Но вот Фил идёт к нему. Он заложил руки в карманы и не торопится. Вот он подошёл к нему вплотную. Фил почти вдвое крупнее Джима. Не хочет ли он драться?

Фил достал сигарету, закурил, подождал, когда спичка сгорит до основания, и солидно, по-взрослому откашлялся:

— Слушай внимательно, Джим…

Он говорил сейчас просто, никому не подражая, и это было плохим признаком. Но ещё страшнее было то, что Фил называл его не так, как повелось в их компании — Красноголовым Дятлом, — а сухо, по имени.

— Слушай внимательно, — повторил ещё раз Фил, произнося слова с расстановкой, — потому что много нам говорить не придётся. Ты получил за неделю двадцать семь долларов. Это хороший заработок для новичка…

— Я старался, — пробормотал Джим.

— Да, ты старался, — согласился Фил, — мы все это видели. Но ведь Томми тоже старался, однако его оштрафовали на три доллара.

— Но я работаю лучше, я рассчитал каждый удар, это все знают — и мистер Люс и все…

— Верно. Коротконогий ставит тебя в пример. И он отнимает у Томми три доллара и отдаёт их тебе.

Джим стал сердиться:

— Я не виноват, что Томми не может равняться со мной!

— А он виноват? А ты? Виноват ли ты был, когда тебе недодали два доллара и семьдесят центов? Ты забыл?

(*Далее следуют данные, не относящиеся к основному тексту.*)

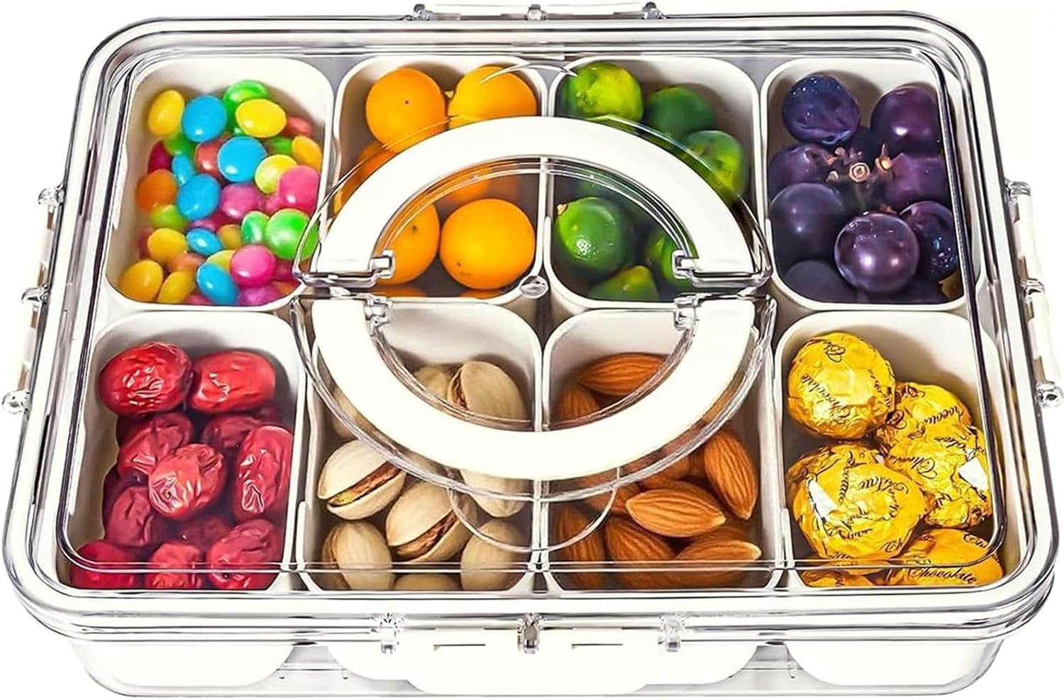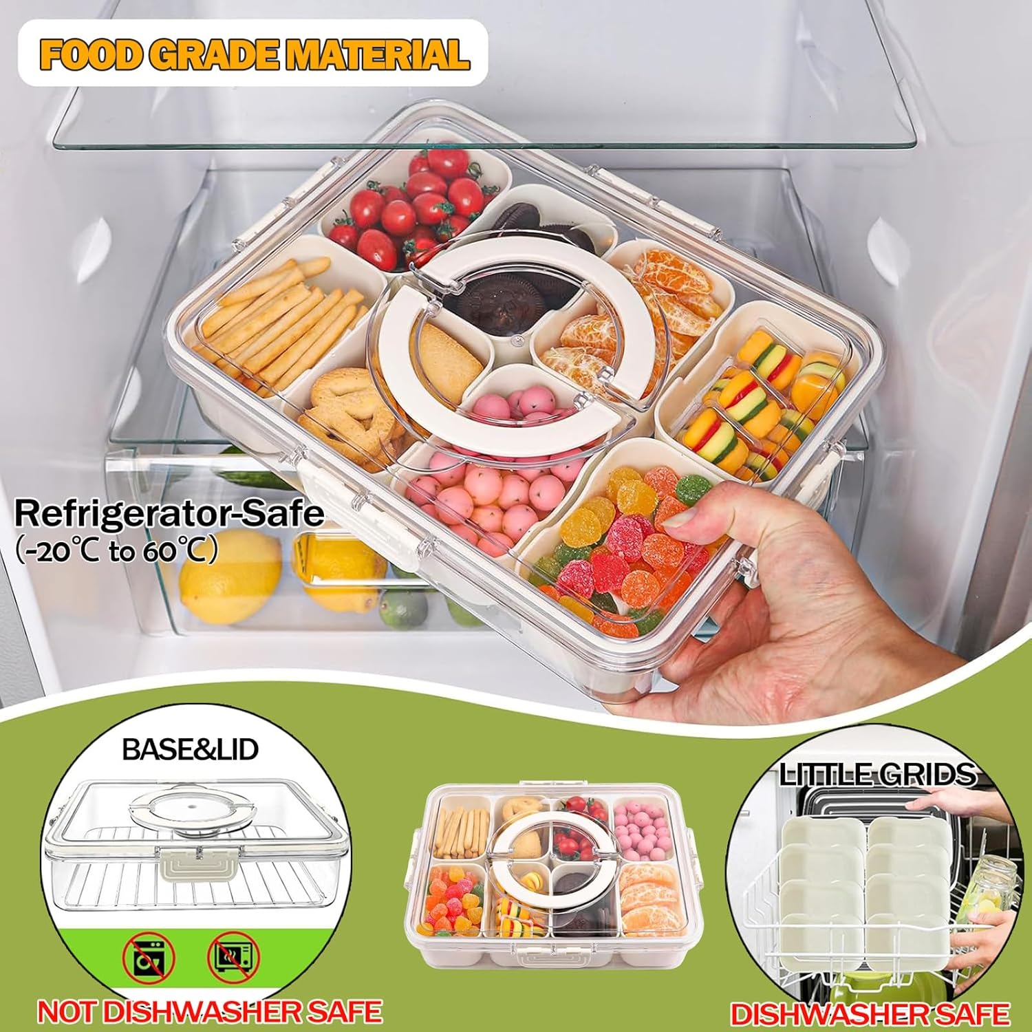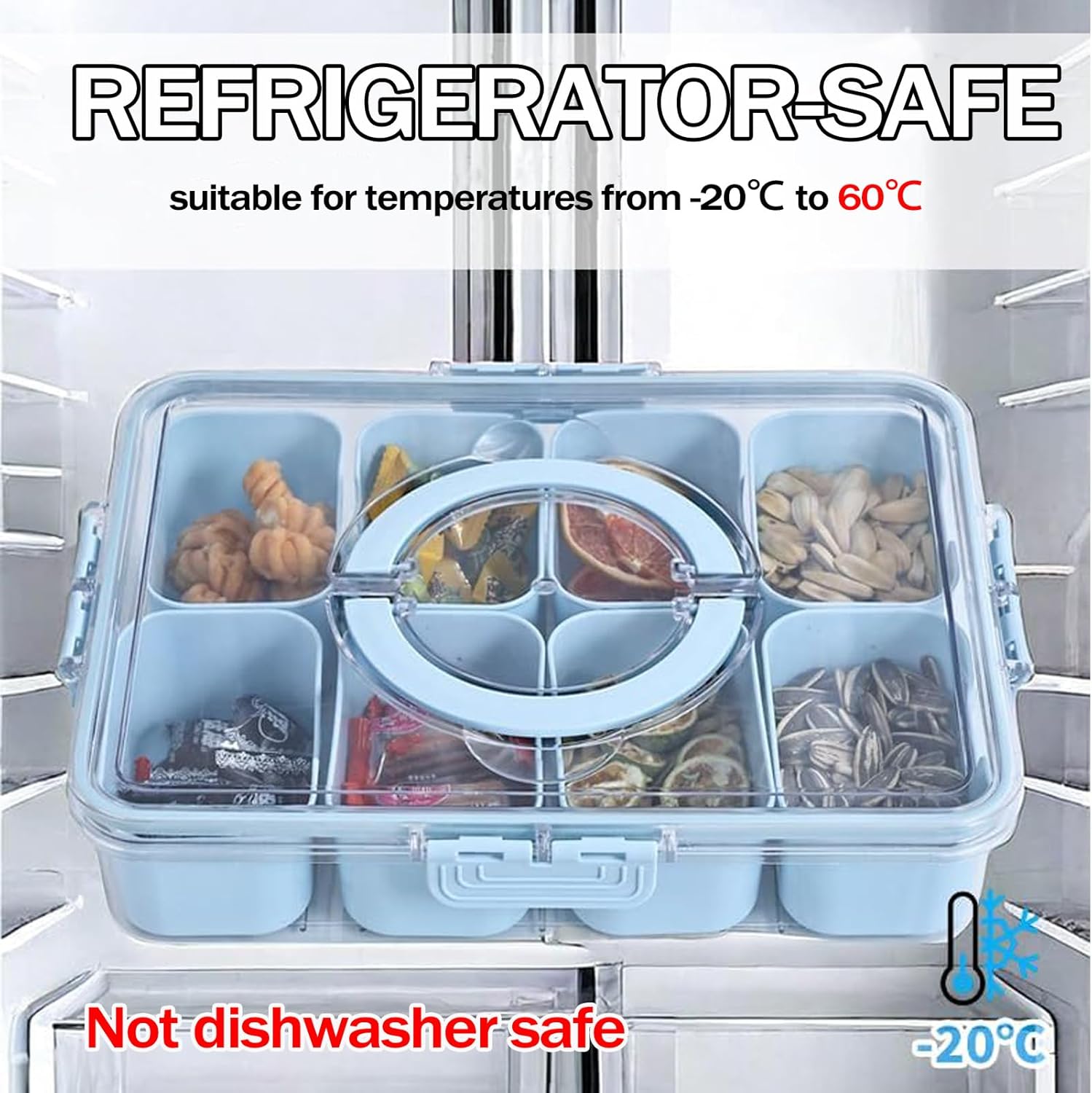 【Easy Carry Foldable Handle】 This divided serving tray comes with a lid and handle, 8 Compartments-Portion out your favorite fruit snacks and they won't get mixed up. And the silicone sealing ring will keep fresh. Whether you're on the train, on holiday at the seaside or at a picnic, our snackle box is easy to carry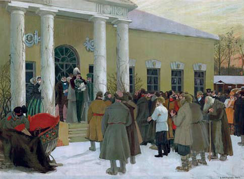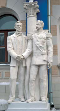 In February 2011, the Russian government held an exhibition in Moscow commemorating the collaboration between President Lincoln (“the Emancipator”) and Tsar Alexander II (“the Liberator”). The statue is a modern work by A.N. Burganov (the two leaders never actually met). The painting shows serfs listening to a reading of the Tsar’s proclamation giving them their freedom, 1861, from a 1907 original by B.M. Kustodiev. |

— Я делаю доллары, как могу, — нерешительно возразил Джим.

— Кому ты делаешь деньги? Себе? Нет… Ты делаешь их для Коротконогого… Для чего ты усердствуешь? Для того, чтобы Томми выбросили с завода? А так будет! Я это знаю… И многих выбросят, а наберут таких, как ты…

Джим ничего не понимал.

— Чего ты от меня хочешь?

— Слушай. Во-первых, ты должен вернуть Томми его три доллара…

Джим дёрнулся.

— Погоди… Во-вторых, ты дашь нам здесь слово не выпячиваться, не стараться быть лучше всех…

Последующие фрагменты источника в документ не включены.